__TASK BRIEF__: These records contain pictures, which must be left out; copy exactly the lines from the one with "Meet Brother Andrew" up to and including the one with "新款可伸缩折叠方圆两用吃饭桌子大理石餐桌椅组合现代简约家用".

*** Opening of DATASET RECORDS ***

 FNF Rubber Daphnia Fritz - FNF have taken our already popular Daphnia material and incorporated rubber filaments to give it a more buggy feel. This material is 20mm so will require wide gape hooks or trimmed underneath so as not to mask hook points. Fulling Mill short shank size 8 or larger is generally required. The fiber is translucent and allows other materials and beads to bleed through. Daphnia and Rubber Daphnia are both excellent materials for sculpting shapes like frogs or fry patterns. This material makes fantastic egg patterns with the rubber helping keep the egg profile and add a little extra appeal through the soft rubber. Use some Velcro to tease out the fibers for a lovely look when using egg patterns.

*** Close of DATASET RECORDS ***
*** Opening of DATASET RECORDS ***

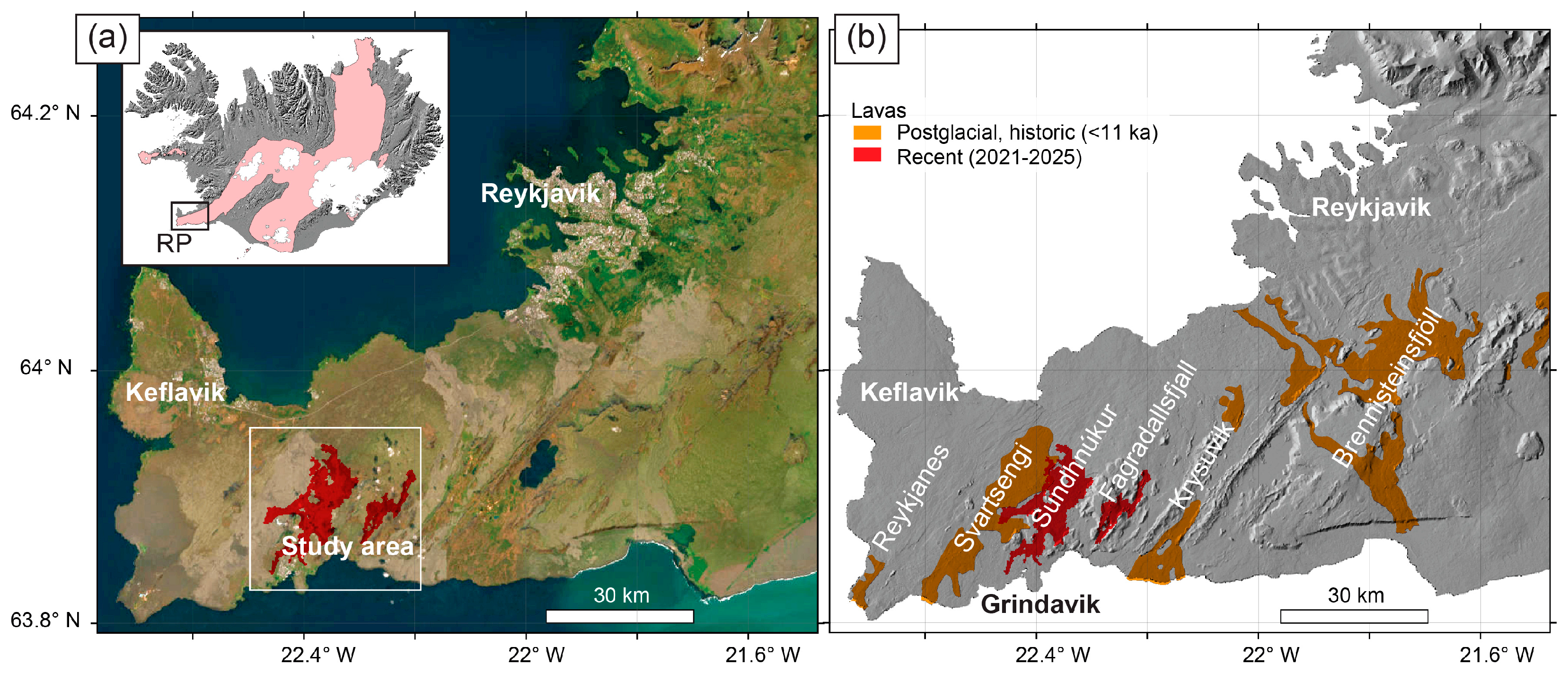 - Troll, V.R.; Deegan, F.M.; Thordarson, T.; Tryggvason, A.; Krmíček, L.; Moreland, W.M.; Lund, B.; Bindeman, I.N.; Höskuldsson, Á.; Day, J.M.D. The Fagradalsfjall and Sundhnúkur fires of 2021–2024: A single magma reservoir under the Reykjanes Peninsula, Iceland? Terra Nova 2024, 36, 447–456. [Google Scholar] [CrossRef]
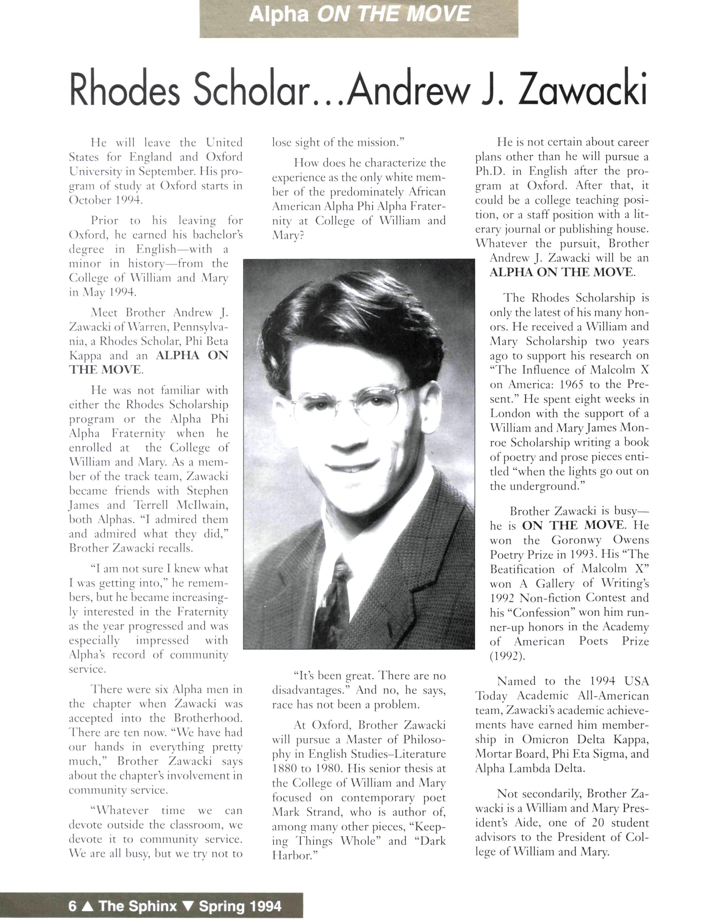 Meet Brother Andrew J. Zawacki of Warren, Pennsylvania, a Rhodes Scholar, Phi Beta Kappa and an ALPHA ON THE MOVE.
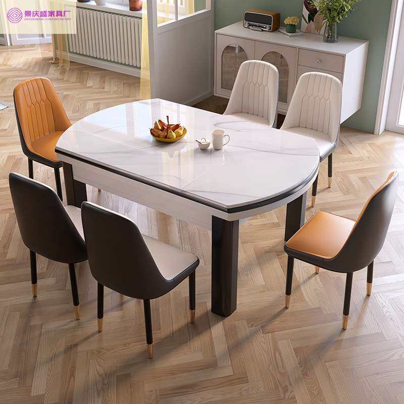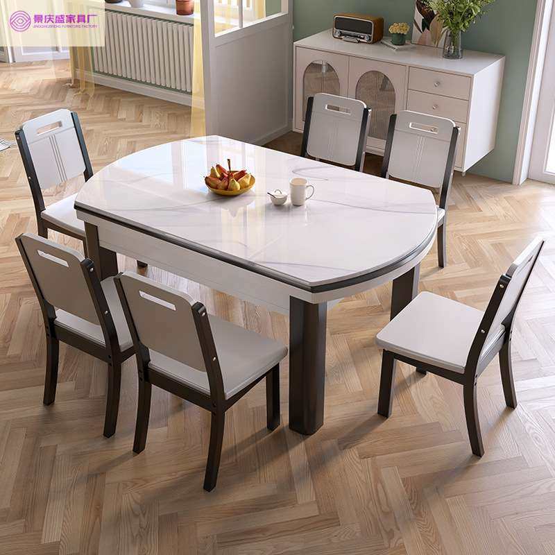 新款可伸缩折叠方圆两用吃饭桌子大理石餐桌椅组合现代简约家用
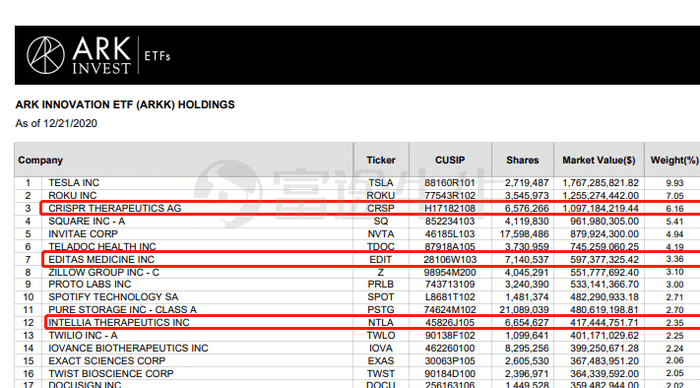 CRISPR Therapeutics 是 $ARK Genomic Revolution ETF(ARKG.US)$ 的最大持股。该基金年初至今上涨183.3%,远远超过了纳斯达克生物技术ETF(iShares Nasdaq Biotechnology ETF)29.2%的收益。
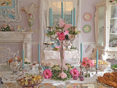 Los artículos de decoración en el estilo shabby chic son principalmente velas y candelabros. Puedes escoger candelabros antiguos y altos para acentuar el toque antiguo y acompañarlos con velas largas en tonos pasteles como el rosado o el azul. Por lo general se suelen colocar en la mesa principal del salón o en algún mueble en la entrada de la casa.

*** Close of DATASET RECORDS ***

__PROBLEM SOLUTION__:
 Meet Brother Andrew J. Zawacki of Warren, Pennsylvania, a Rhodes Scholar, Phi Beta Kappa and an ALPHA ON THE MOVE.
 新款可伸缩折叠方圆两用吃饭桌子大理石餐桌椅组合现代简约家用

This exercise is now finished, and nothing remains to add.